* _Your objective_
Give the lines again exactly as they appear below, from the line with "Kompletní truhlářské vybavení" to the line with "2020年2月27日,在全国", both included, and only those lines. Leave every picture out.

[Start of Attachment]

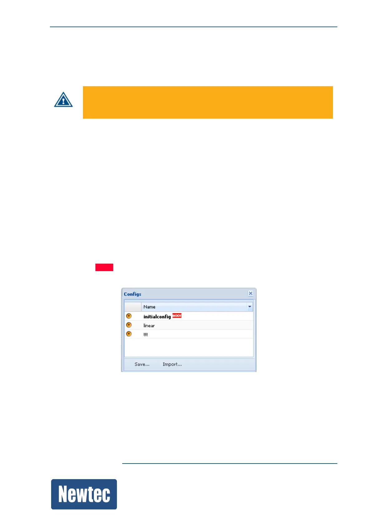 When a configuration is completed, it is recommended to save this configuration onto
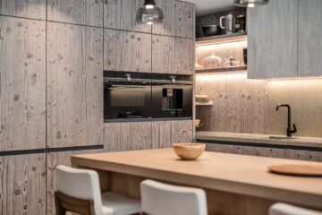 Kompletní truhlářské vybavení rodinného domu. Vstupní hala, kuchyňská linka, obývací pokoj, posezení ve sklepě, schodiště, ložnice, koupelny. Vše sladěné.
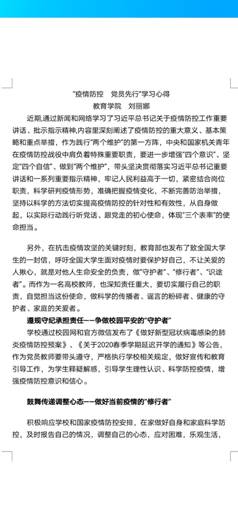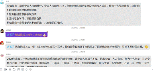 2020年2月27日,在全国坚决打赢疫情防控的人民战争总体战阻击战的形势下,在公司广大师生员工开展线上教学、居家办公的特殊时期,伟德体育伟德体育官方网站教工一支部依据公司党委和教育公司党总支的通知精神,在“线上”开展了“疫情防控、党员先行”主题党日活动。本次党日活动内容包括:①党员个人重温入党誓词;②自主学习“习近平总书记关于疫情防控工作重要讲话、批示指示精神”等材料;③利用QQ群谈各自感悟,进行线上思想交流活动。
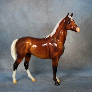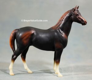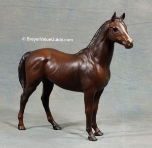 Matte brown; narrow blaze; darker mane and tail; Hobby Centre Toys SR; 1/1000 - with Man O War and Terrang
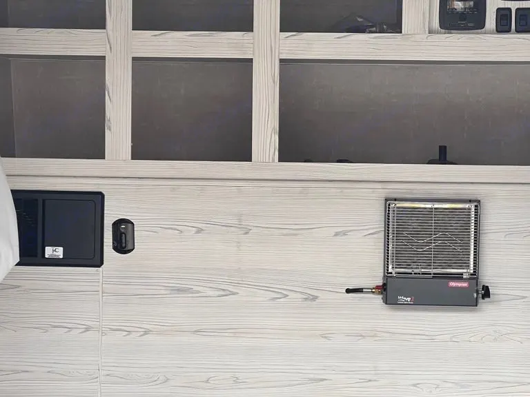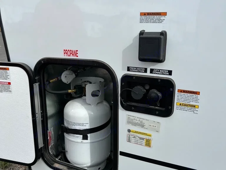 Comfortable Interior: Inside, you’ll find a cozy ~full-size bed and a convertible queen size sofa bed. The vinyl flooring is easy to clean, and the wallpaper adds a touch of homey charm. Plus, the automatic air conditioning keeps you cool during hot summer days and a propane heater to take the bite out of those cold mornings.
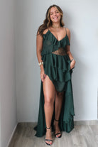 This Ivy Lace Ruffle Dress features a lace insert and tiered design, adding elegant details to your outfit. Made of 100% polyester, it provides a soft and comfortable fit. With a design that runs true to size, this dress is perfect for any occasion. Our model is wearing a size small, showcasing the dress's perfect fit.
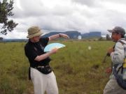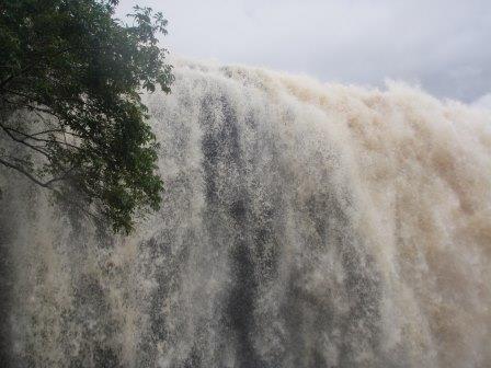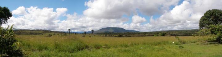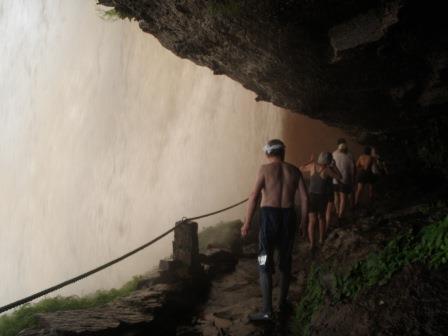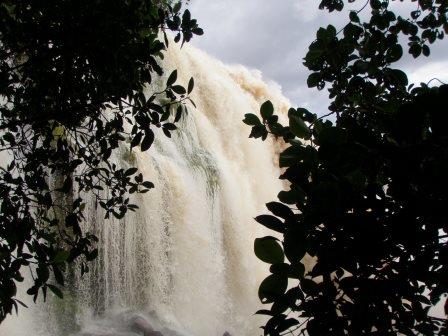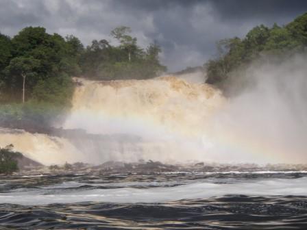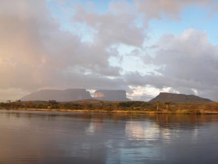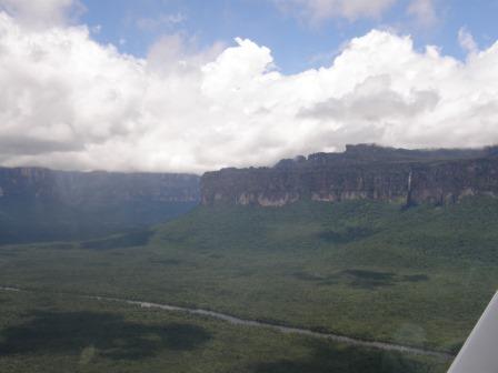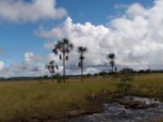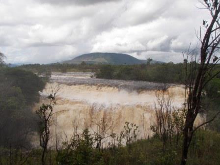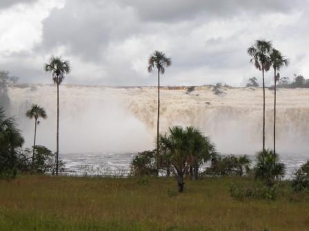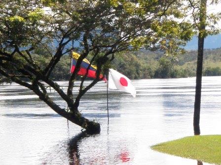 遊覧飛行の時間は午前11時ごろということで,その前にホテルの対岸にあるペモン族の集落を訪ねることにした.例によってボートで川に出て,カラオ川の中の島のような部分に渡った(後で地図で確認したら,ここはアチャの滝やサポの滝の背後にあたる場所だった).

[End of Attachment]

* _Final answer_
 Kompletní truhlářské vybavení rodinného domu. Vstupní hala, kuchyňská linka, obývací pokoj, posezení ve sklepě, schodiště, ložnice, koupelny. Vše sladěné.
 2020年2月27日,在全国坚决打赢疫情防控的人民战争总体战阻击战的形势下,在公司广大师生员工开展线上教学、居家办公的特殊时期,伟德体育伟德体育官方网站教工一支部依据公司党委和教育公司党总支的通知精神,在“线上”开展了“疫情防控、党员先行”主题党日活动。本次党日活动内容包括:①党员个人重温入党誓词;②自主学习“习近平总书记关于疫情防控工作重要讲话、批示指示精神”等材料;③利用QQ群谈各自感悟,进行线上思想交流活动。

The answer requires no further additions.